Mar 15, 2011 12:28 GMT  ·  By

It appears that the as yet unannounced mainstream NVIDIA video card that Galaxy already said it would customize has found itself modeled in the image of yet another hardware maker, Zotac to be exact.

Consumers will no doubt be aware of the fact that NVIDIA is working on a dual-GPU video card that will challenge AMD's new Radeon HD 6990.

What they might not be as aware of is that another NVIDIA card, called GeForce GTX 550 Ti, is on its way as well.

Galaxy has already been revealed to be working on an advanced version with higher than usual clock frequencies, and it seems it is not the only one with such designs.

Specifically, Zotac is said to be working on a similar board, one bearing the name of GeForce GTX 550 Ti AMP! Edition.

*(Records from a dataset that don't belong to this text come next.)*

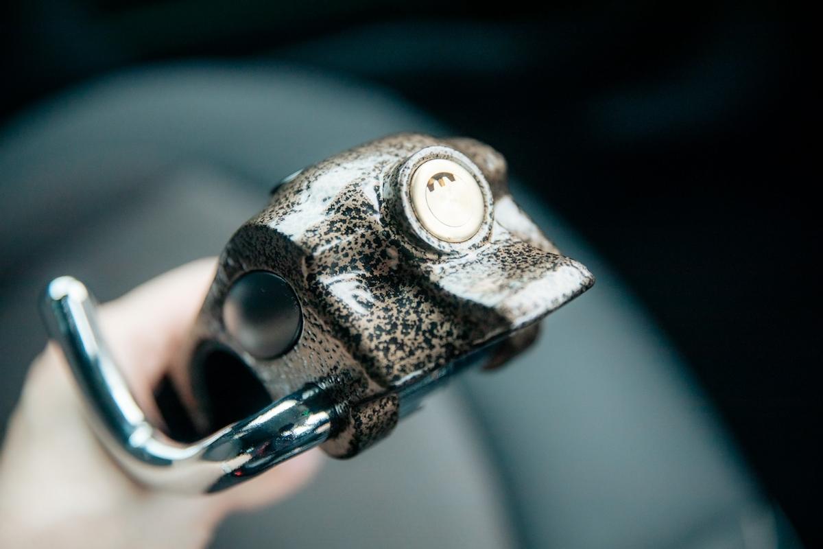 ブレーキロックにハンドルロック、車のボディカバーなど。さまざまな盗難防止グッズが販売されている中で選んだのは「LESTA ハンドルロック」。
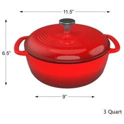 PRODUCT DETAILS- Materials: cast iron with enamel coating. Dimensions: Diameter (handle to handle)11.5 x (H)6.5; 3-quart capacity. Color: Red.
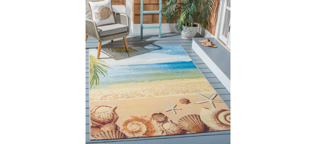 Lush, tropical sensations come to contemporary patio decor in Safavieh's Barbados Shell Indoor/Outdoor Area Rug Collection. Barbados' rugs turn entertainment spaces and outdoor leisure-living areas into at-home resorts with their vivid colors and scenic designs. Made using soft synthetic yarns for lasting charm and color season after season.
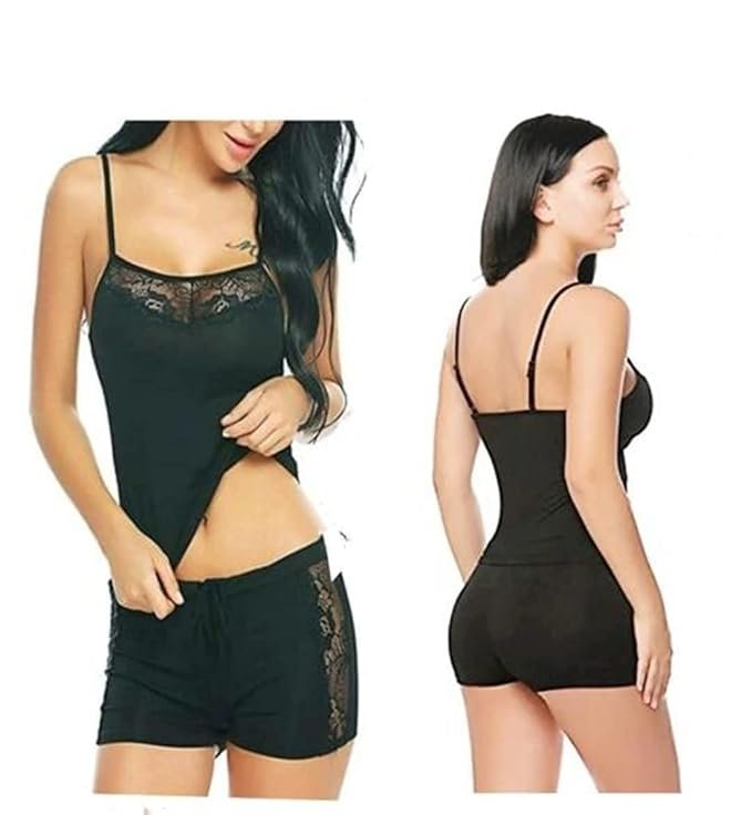Introducing our ultra-stylish and irresistibly sexy black nightwear set, designed to make every woman and girl feel confident, comfortable, and effortlessly glamorous. This alluring babydoll night dress combines elegance with a hint of playful charm, making it perfect for those special nights or simply lounging in style. The set includes a chic top paired with coordinating shorts or pyjamas, offering the ideal blend of sophistication and relaxed comfort. Crafted to fit a range of body types, this free-size ensemble comfortably accommodates waist sizes from 28 to 36 inches. Whether you're treating yourself or gifting it to someone special, this versatile night suit promises a flattering fit and eye-catching appeal. Perfect for women and girls who love to express their style even at home, this night dress set is your go-to for both relaxation and romance.
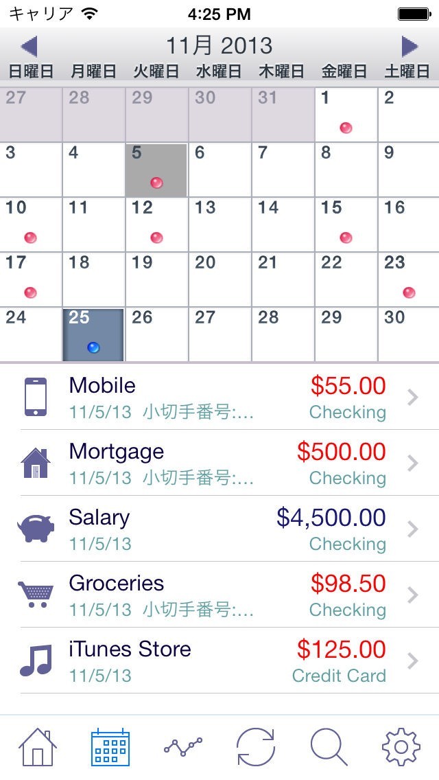 ▸取引のカレンダービュー。
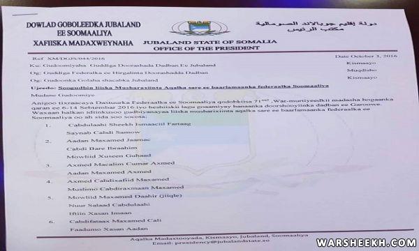 Maamulka Jubbaland Oo Ku Dhawaaqay Liiska Musharixiinta Aqalka Sare

The name alone is enough to hint at the existence of factory overclocking and, sure enough, the GF116 GPU (graphics processing unit) is 100 MHz faster than the normal one.

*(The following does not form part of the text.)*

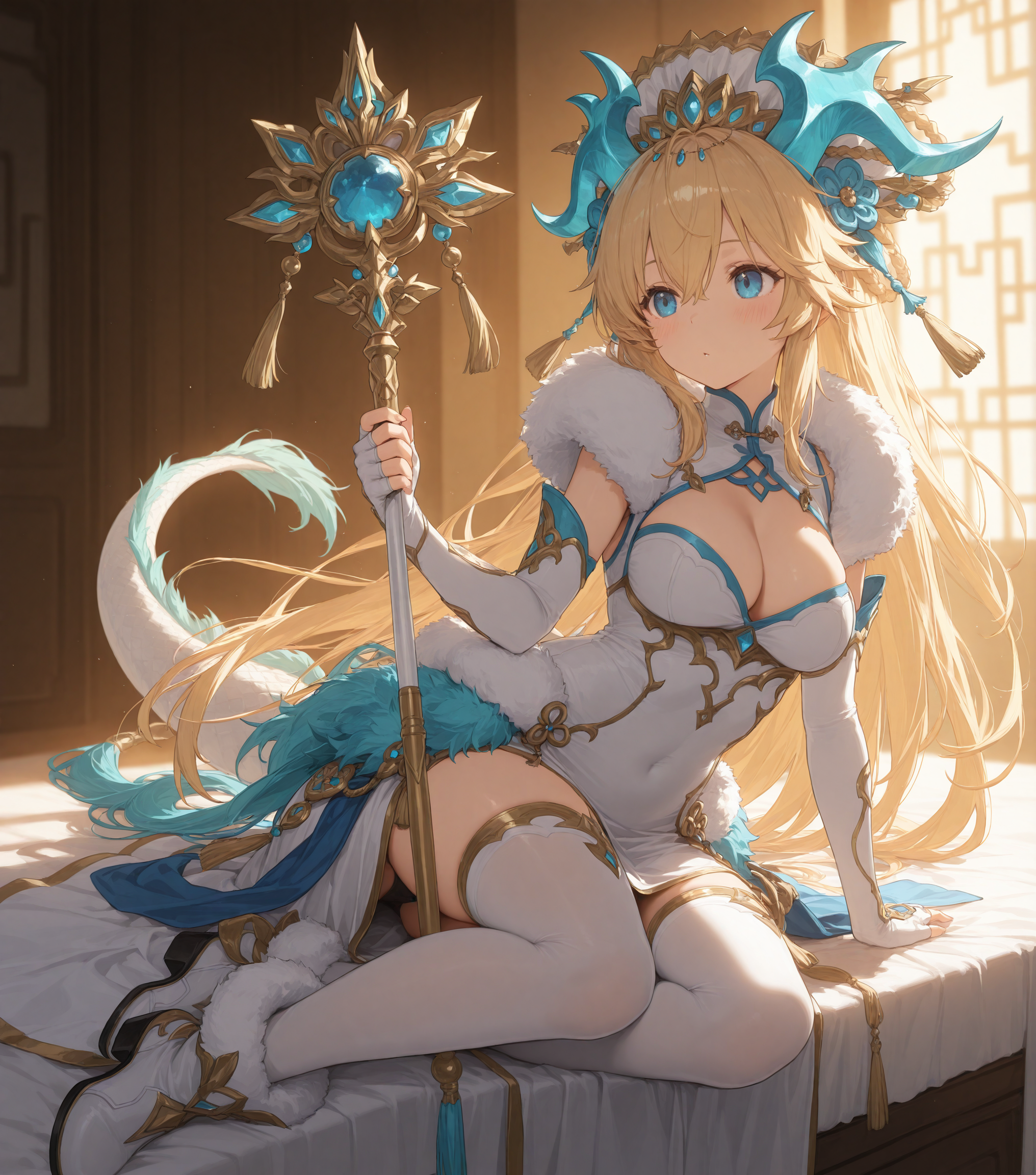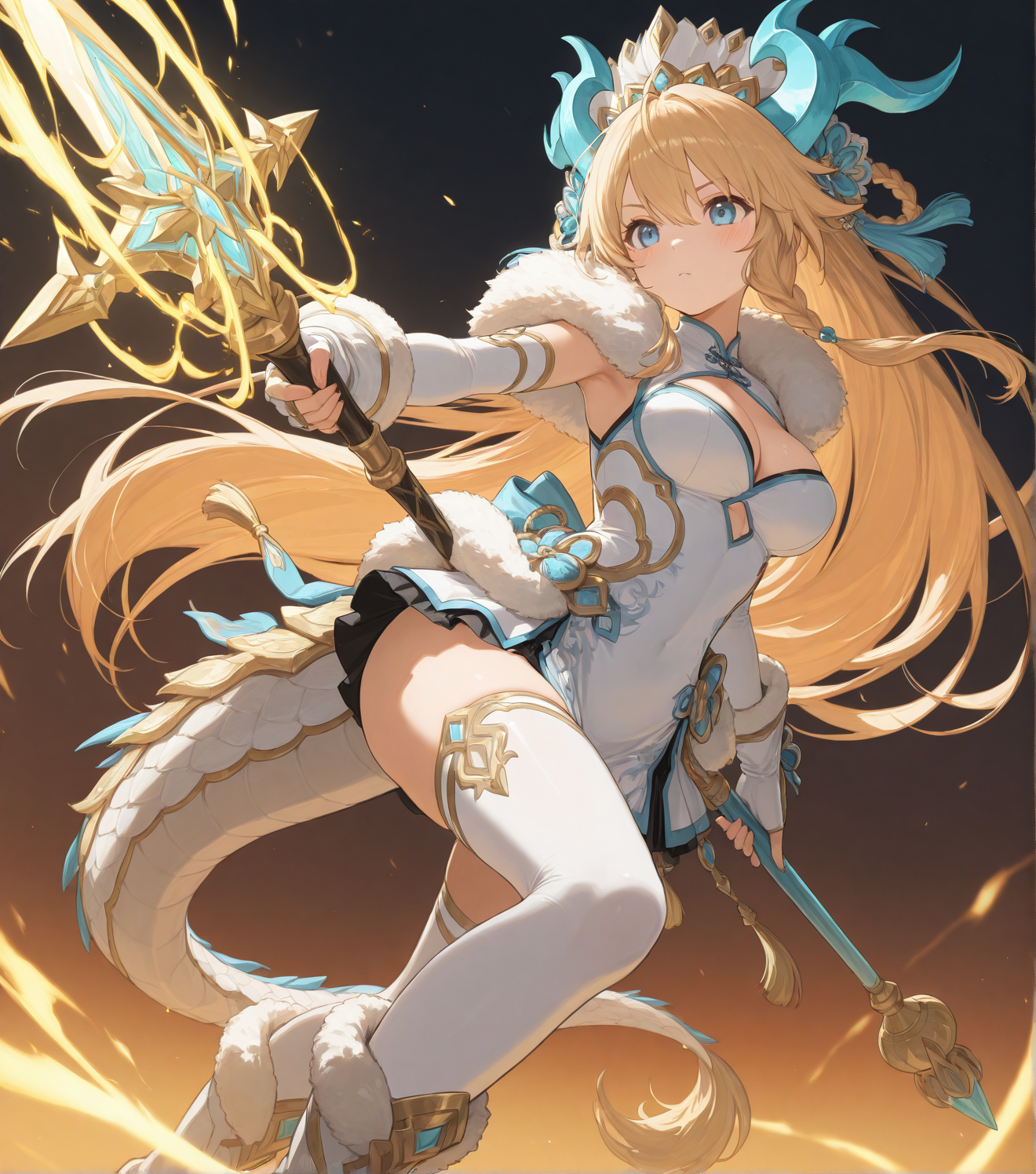 | 학습된 단어 | long hair, blonde hair, blue eyes, horns, headdress, dress, gloves, blush, cleavage, fur trim, tail, medium breasts, hair ornament, very long hair, elbow gloves, thighhighs, white dress, white gloves, boots, fingerless gloves, dragon girl, dragon tail, weapon, chinese clothes, braid, dragon horns, white thighhighs, staff복사됨! |

In other words, instead of 900 MHz, the clock speed of the main chip is 1,000 MHz, a performance complemented by the 192 CUDA cores.

These shaders, although normally programmed to run at 1,800 MHz, are clocked at 2,000 MHz.

Of course, this mainstream-level video controller wouldn't be what it is without a suitable amount of memory, so Zotac stuck to the 1 GB of GDDR5 VRAM that NVIDIA intended.

This memory has a clock frequency of 4,400 MHz, which is 300 MHz over the 4,100 MHz that the stock card comes with.

All the above are cooled by a dual-slot, single-fan cooler and meant to sell for the price of $155. That price will also get users 2-way SLI support, plus multiple connectors (dual-DVI, HDMI and DisplayPort), for compatibility with all sorts (mostly) of monitors and HDTVs.